Additional Responsibilities:

• Negotiates site requested changes to the Confidential Disclosure Agreement; checks investigators and IEC/IRBs against exclusion databases, IEC/IRB registrations and alerts. Alerts LTM of any Prepares Trial Center File and prepare or co-ordinate the development of any other document and review them for completeness and accuracy.
• May be assigned to assist in document review for outsourced trials.
• Supports the LTM in drug management.
• Provides administrative support to the LTM/SM in tracking progress of drug importation, CoA distribution, budget, mailing and correspondence and other relevant tasks as appropriate.

Principal Relationships:

• Primary Reporting Structure: Reports to Functional Manager.
• Primary Interfaces: Functional Manager, Local Trial Manager and Site Manager(s) for assigned clinical studies.
• Other Internal Interfaces: LTM, SM, Quality & Compliance Manager/Specialist, Contracts and Grants, Clinical Trial Assistant team, CSC.
• External Interfaces: Investigators and their delegates at site.

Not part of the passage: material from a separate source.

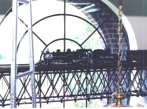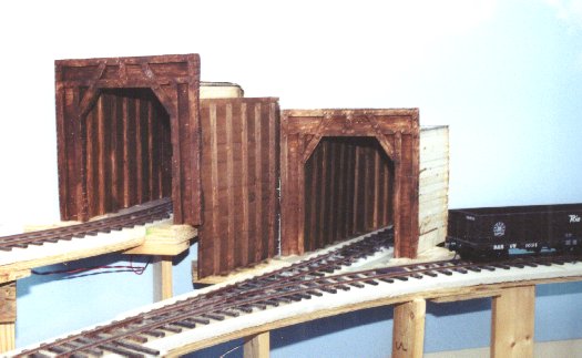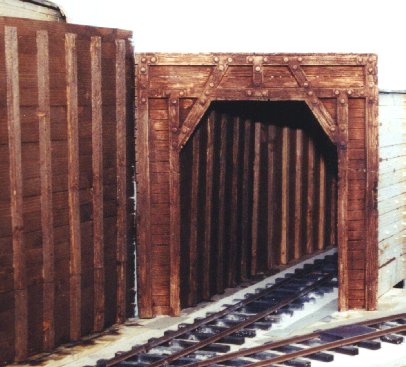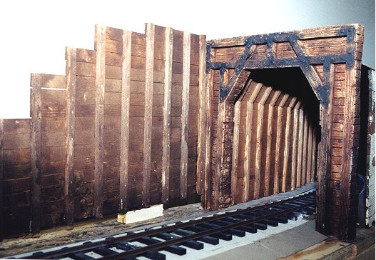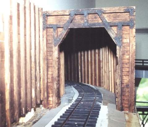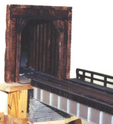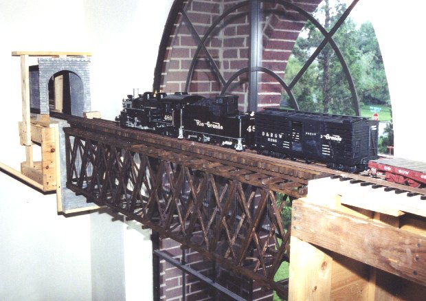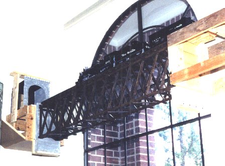 On Saturday, September 8th, 2001, the Howe Truss bridge was installed on the "High Line", replacing the temporary structure that spanned the big foyer window. Also notice the tunnel portals get entrances and tunnel lining.

Education and Experience Requirements:

• A minimum of a BA/BS degree is preferred.
• Skills set corresponding with preferentially 4+ years’ relevant clinical trial experience or equivalent.
• Proficient in English language.
• Strong knowledge with MS Office (Word, Excel, Access, Outlook, Explorer and PowerPoint).
• Strong interpersonal and negotiating skills. Excellent organizational skills and the ability to collaborate and handle multiple priorities within a matrix environment.
• Perform activities in a timely and accurate manner.